Tyler began working for businessman Dennis Dimato (David Serafin) to earn more money, but soon realised that the work he was carrying out was illegal when he was asked to strip Imogen's stolen car for parts. Dimato later called in a favour from Tyler, asking him to spy on Mark and the police investigation into his business. Tyler learned that Mark's sergeant did not think the case was worth pursuing, but Mark wanted to bring Dimato down on his own. When Matt Turner (Josef Brown) later saw Tyler and Dimato together, he warned Tyler to stay away from him. That same day, Paige caught Tyler checking out cars to steal and he was forced to tell her the truth about his job with Dimato. When Dimato and his associates started looking for a new base to continue their illegal car parts business, Tyler tried put them off buying the garage by telling that it had an uncertain future as the owner was selling it. However, Tyler realised he had made a mistake when Dimato decided to buy garage and pointed out that it provided Tyler with the perfect cover.

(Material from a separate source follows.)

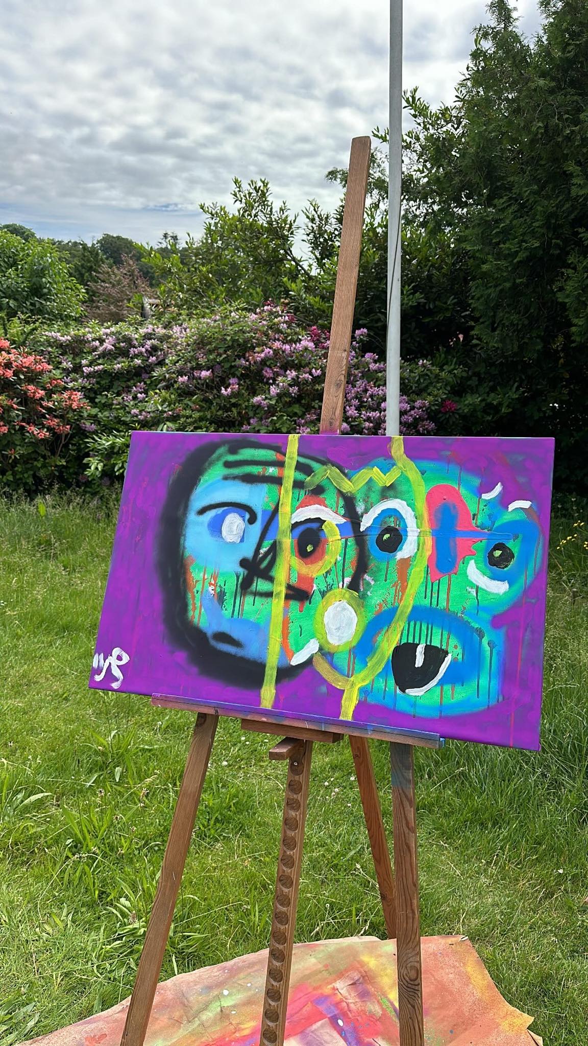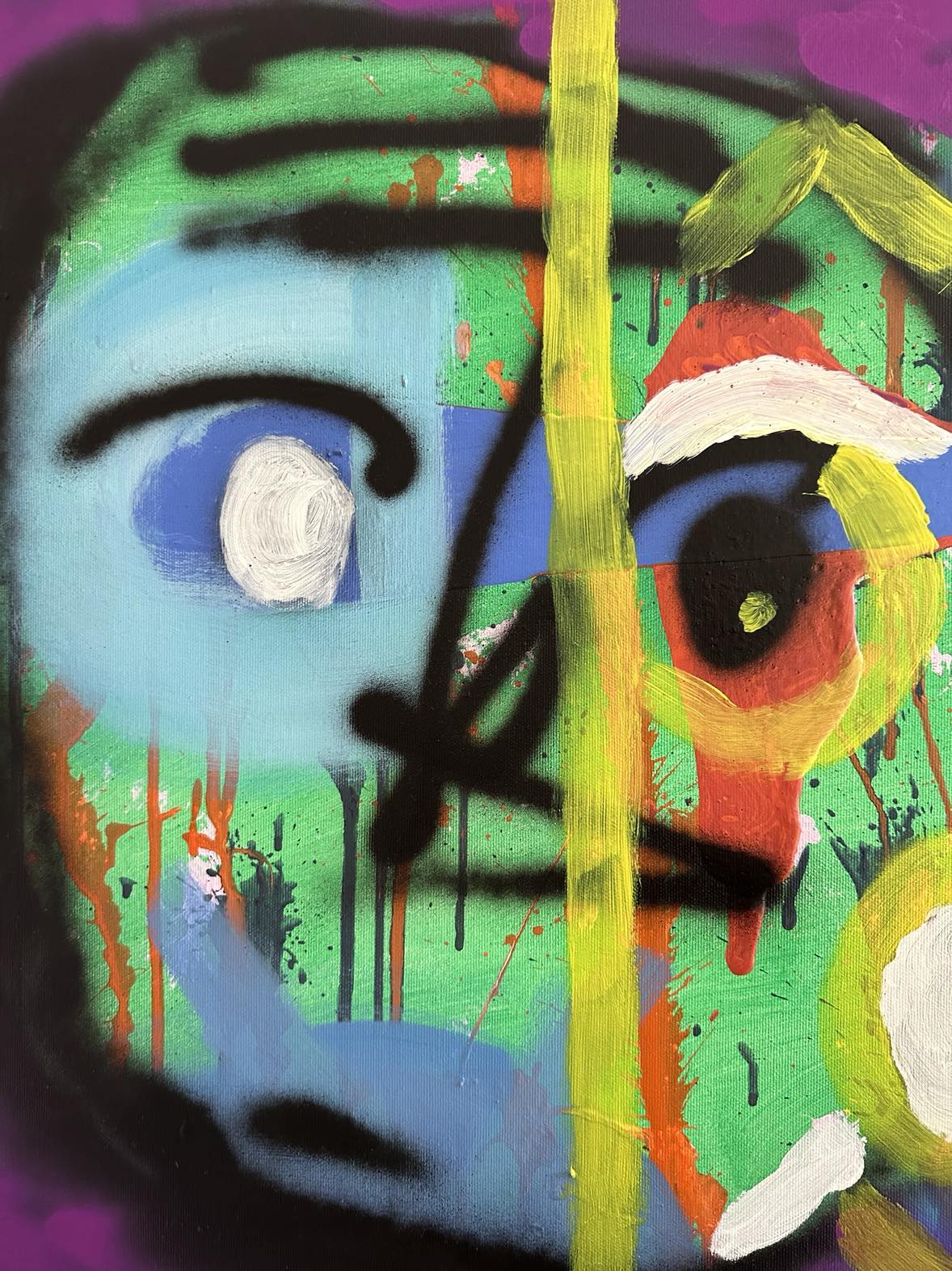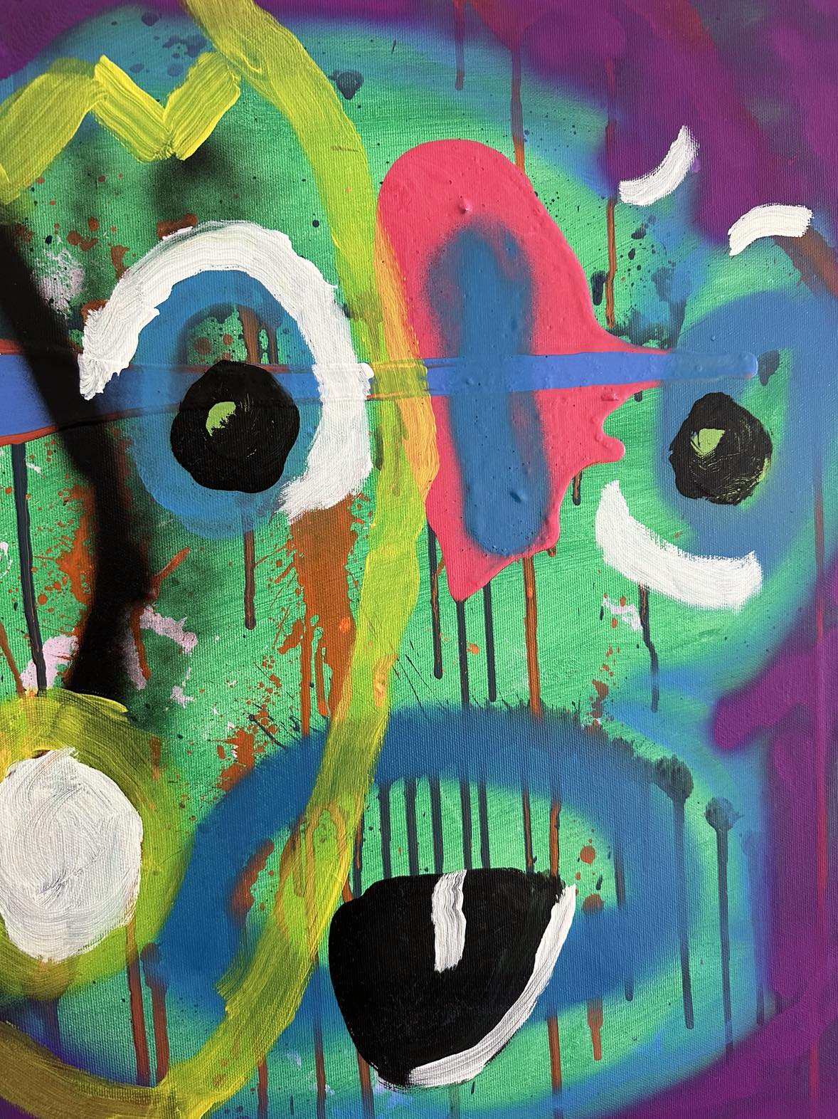 Treenighed , 95x95cm, graffiti og akryl på lærred, Janus Rosholm f. 2002

Both Tyler and Paige were later blackmailed into selling stolen car parts to pay off their debts to Dimato and his partner Michelle. When Tyler missed a meeting with Joey Dimato (Steven Sammut), who was leaving a stolen car at the garage, Paige's younger brother Bailey Turner (Calen Mackenzie) took the car. Michelle told Tyler to find the car or she would make him pay. But when she overheard Paige telling Tyler that she had reported the car to the police, Michelle ordered them both to pay her the money owed or get another car. A TV Soap columnist noted, "Tyler knows he's getting in way over his head, but he also knows it's far too late to back out". Michelle later blackmailed Paige into taking a job at the garage selling the stolen car parts.

Tyler and Paige tried to make the garage go legitimate by setting up car washes and automotive courses, but they were soon drawn back into Dimato's crime syndicate when Joey left them a bag of money and Michelle ordered them to make a drop-off. When they discovered that a community fundraiser was taking place near the drop-off point, they decided to leave the money in an old well and return for it later. However, they became stuck in the well when they realised that they could not surface with the money due to a large number of people nearby. Tyler and Paige later learned that there was $6000 missing from the bag and Tyler was "viciously beaten" when he asked for more time to find the money.

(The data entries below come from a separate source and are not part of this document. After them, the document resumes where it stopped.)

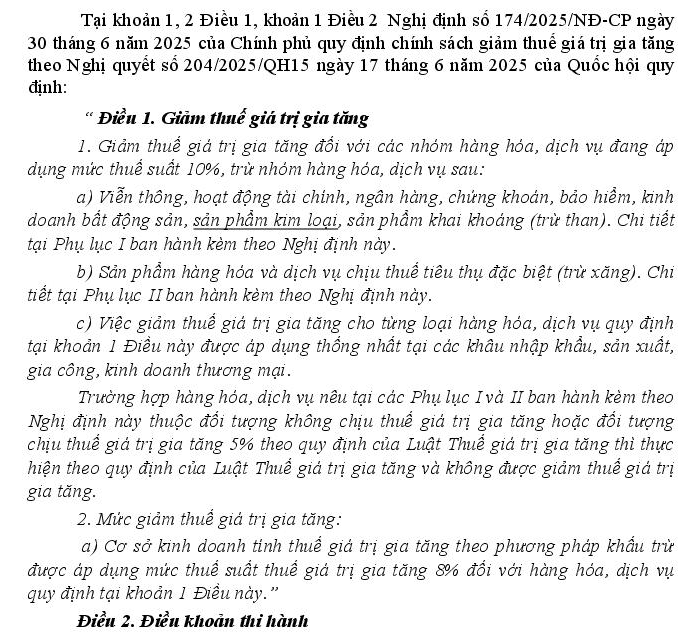 Tuy nhiên, tại Khoản 1 Điều 1 Nghị quyết số 204/2025/QH15 và Điểm a, Khoản 1, Điều 1 Nghị định số 174/2025/NĐ-CP có quy định loại trừ một số nhóm ngành khỏi đối tượng giảm thuế, trong đó bao gồm: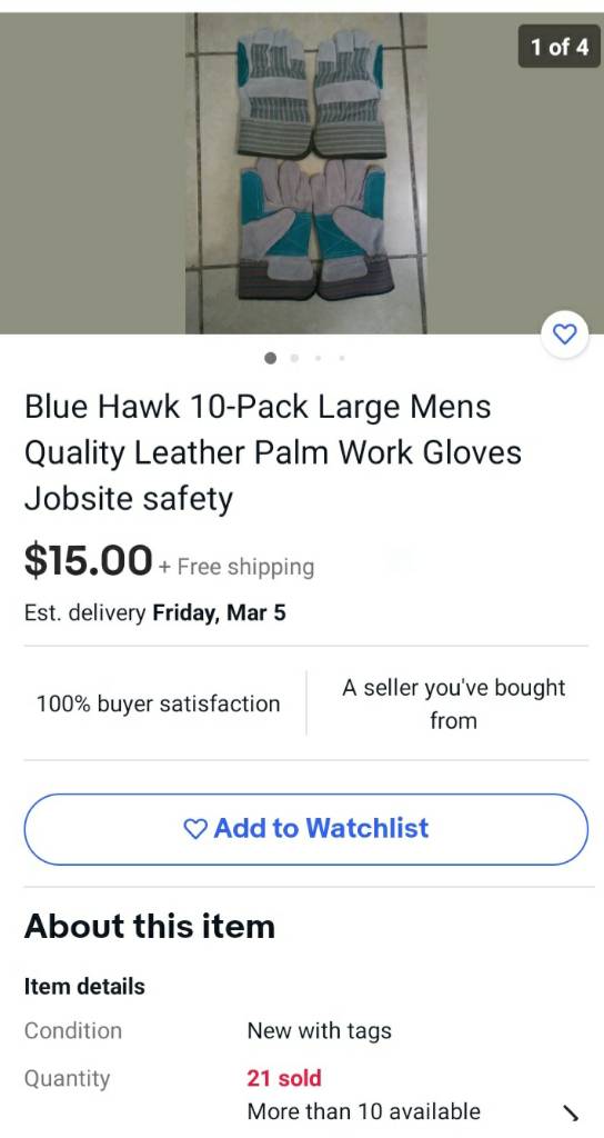 Someone mentioned gloves. I'm hard on gloves, got these today from Ebay, hard to beat for $1.50/pair! Leather palm & fingers and large enough. I'm sure they're made in China but 10 pair should last me a while.View attachment 687698View attachment 687699View attachment 687700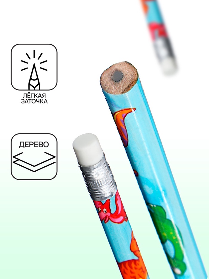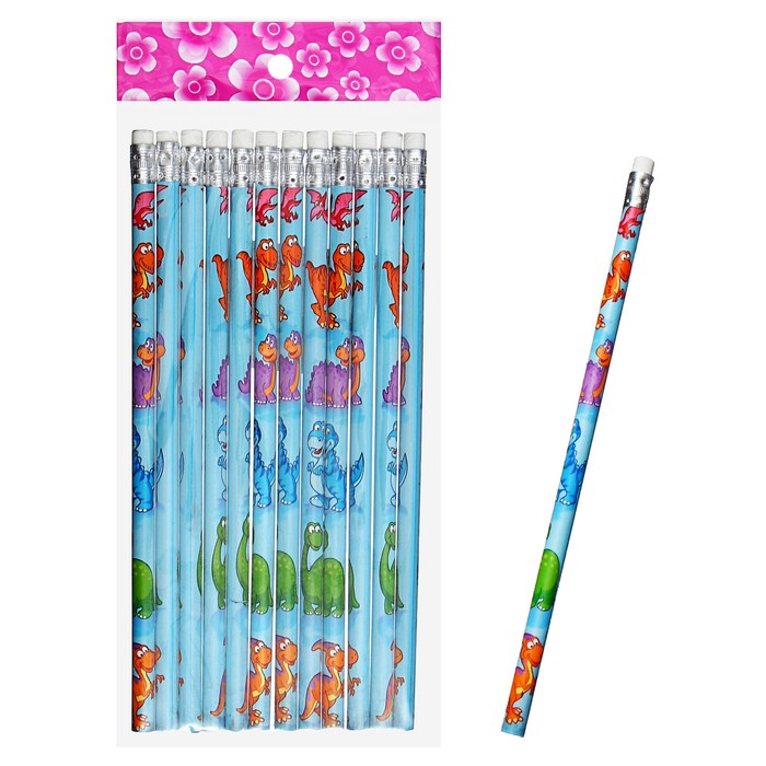 Карандаш чернографитный Calligrata «Динозаврики», НВ, с ластиком, корпус круглый — Характеристики

When Tyler realised that he was in "too deep" with Dimato, he eventually admitted his involvement to Mark, believing it was the right course of action. However it resulted in his arrest. Burns explained that Tyler believed that his confession would mean Mark would go easier on him, but "he's heartbroken when Mark arrests him – you don't expect that from your own brother!" When the police offered him a reduced sentence, Tyler agreed to become their informant and wore a wire to a meeting with Michelle. However, before he could get any incriminating evidence, the transmitter was damaged. Tyler then learned that Dimato was returning to town and he agreed to go undercover again. But Dimato got to him first and Tyler was forced to attend a meeting with Dimato and his associates.

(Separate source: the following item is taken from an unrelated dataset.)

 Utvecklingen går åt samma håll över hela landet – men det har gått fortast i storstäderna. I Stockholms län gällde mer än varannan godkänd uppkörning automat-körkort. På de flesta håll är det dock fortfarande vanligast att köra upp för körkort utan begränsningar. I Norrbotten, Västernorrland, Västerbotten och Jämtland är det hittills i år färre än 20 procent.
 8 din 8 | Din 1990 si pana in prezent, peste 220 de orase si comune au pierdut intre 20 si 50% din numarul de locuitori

===Family and domestic violence===
When Mark felt that Tyler had "gone off the rails", he invited their brother Aaron (Matt Wilson) to help, as he knew Aaron and Tyler were close. Wilson explained that it had been six years since the brothers had seen each other. He described Aaron as an opportunist like Tyler and said he often acted as a mediator between Tyler and Mark. Burns told Inside Soap's Sarah Ellis that Aaron's arrival changed the dynamic between Tyler and Mark. He continued, "One of us will always take the other's side and we end up teaming up against each other." Shortly after Aaron's arrival, Tyler tries to set him up with his friend Nate Kinski (Meyne Wyatt), but they quickly realise that they have nothing in common. Following Tyler's arrest, Aaron bails him out of jail. This makes Mark "furious", as he believes that they are teaming up against him. He then throws Tyler out of his house. Burns said Tyler initially believes Mark is joking, but he is forced to stay in the Men's Shed for a few nights. An Inside Soap reporter observed that Tyler and Mark's relationship was at "an all-time low".

The Brennan family was expanded again following the introduction of the brothers' father Russell (Russell Kiefel) in August 2015, and the family became the centre of "a controversial" domestic violence storyline. When Tyler saw his father on Ramsay Street, he packs up his belongings and leaves. Burns explained that Tyler initially feels "pain and fear" upon seeing his father and decides to avoid him, as he is worried that what happened between them would happen again. After leaving the street, Tyler stays at the Men's Shed. Karl finds him and Tyler opens up about the physical abuse he suffered at Russell's hands. Burns said, "Tyler feels he can trust Karl, so he opens up and tells him everything. The relationship between Tyler and Russell is obviously very damaged – but it's been great for me as an actor to be able to bring it to life on screen." Falk (TV Soap) observed that the abuse Tyler suffered had "a huge influence" on the type of man that he had become. Falk branded it "a compelling storyline" and said that it helped to explore the Brennan's complex family relationships.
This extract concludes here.